[NOT FOR PUBLICATION]
UNITED STATES COURT OF APPEALS
FOR THE FIRST CIRCUIT
No. 95-1058
NABOR JESUS SANTA USUGA,
Petitioner,
v.
IMMIGRATION AND NATURALIZATION SERVICE,
Respondent.
ON PETITION FOR REVIEW OF AN ORDER
OF THE BOARD OF IMMIGRATION APPEALS
Before
Torruella, Chief Judge,
Selya and Stahl, Circuit Judges.
Frank M. Hunger, Assistant Attorney General, Alexander H. Shapiro
and Robert Kendall, Jr., Attorneys, Office of Immigration Litigation,
Department of Justice, Civil Division, on Respondent's Opposition to
Stay of Deportation.
April 13, 1995
Per Curiam. We vacate this court's January 17, 1995
stay of deportation and summarily deny the petition for
judicial review because petitioner is not entitled to any
relief in this court. Loc. R. 27.1.
The record before the Board fully supported the
deportation order and denial of relief from deportation.
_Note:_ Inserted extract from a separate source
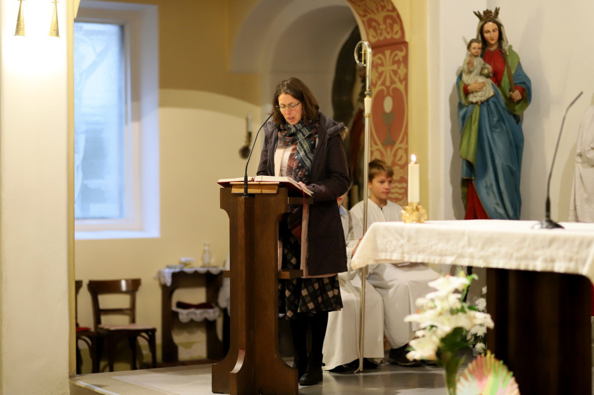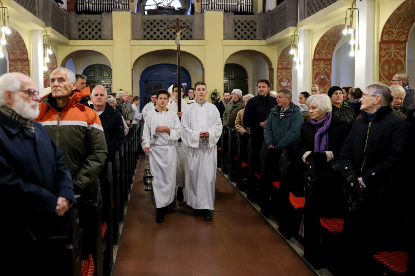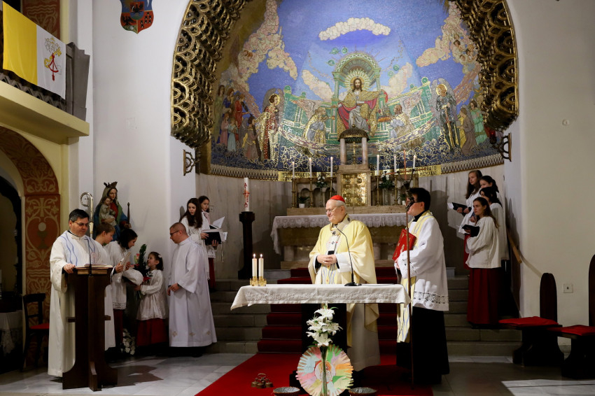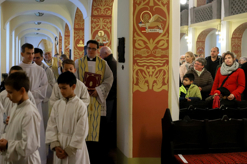 Depaula Flavio köszöntötte a főpásztort a város szívében lévő kis templomban. Tavaly az 52. Nemzetközi Eucharisztikus Kongresszus Kossuth téri szentmiséjének beszédéből idézett a bíborostól, majd kiemelte, hogy a kongresszus lelkülete tovább kell hogy éljen a szívünkben.

While petitioner now claims that he was not warned of the
immigration consequences of admitting sufficient facts, and
he argues that those convictions are therefore invalid under
Mass. G. L. ch. 278, 29D, see Commonwealth v. Mahadeo, 397
Mass. 314 (1986), petitioner may not collaterally attack his
criminal convictions in the context of deportation
proceedings. Gouveia v. INS, 980 F.2d 814 (1st Cir. 1992).
Petitioner's contention that he has not been convicted
of a "trafficking" offense or an "aggravated felony" is
incorrect and ignores the definitions of those terms.
United States v. Rodriguez, 26 F.3d 4, 6 (1st Cir. 1994);
United States v. Forbes, 16 F.3d 1294, 1300-01 (1st Cir.
1994); Amaral v. INS, 977 F.2d 33, 35-36 (1st Cir. 1992).
Nor has petitioner shown eligibility for discretionary
relief. Michelson v. INS, 897 F.2d 465, 469 (10th Cir. 1990)
(alien, who entered as a visitor, but remained longer than
permitted, was not "lawfully admitted for permanent
residence" and therefore was not eligible for 212(c)
relief).
-2-
The petition for judicial review is summarily denied.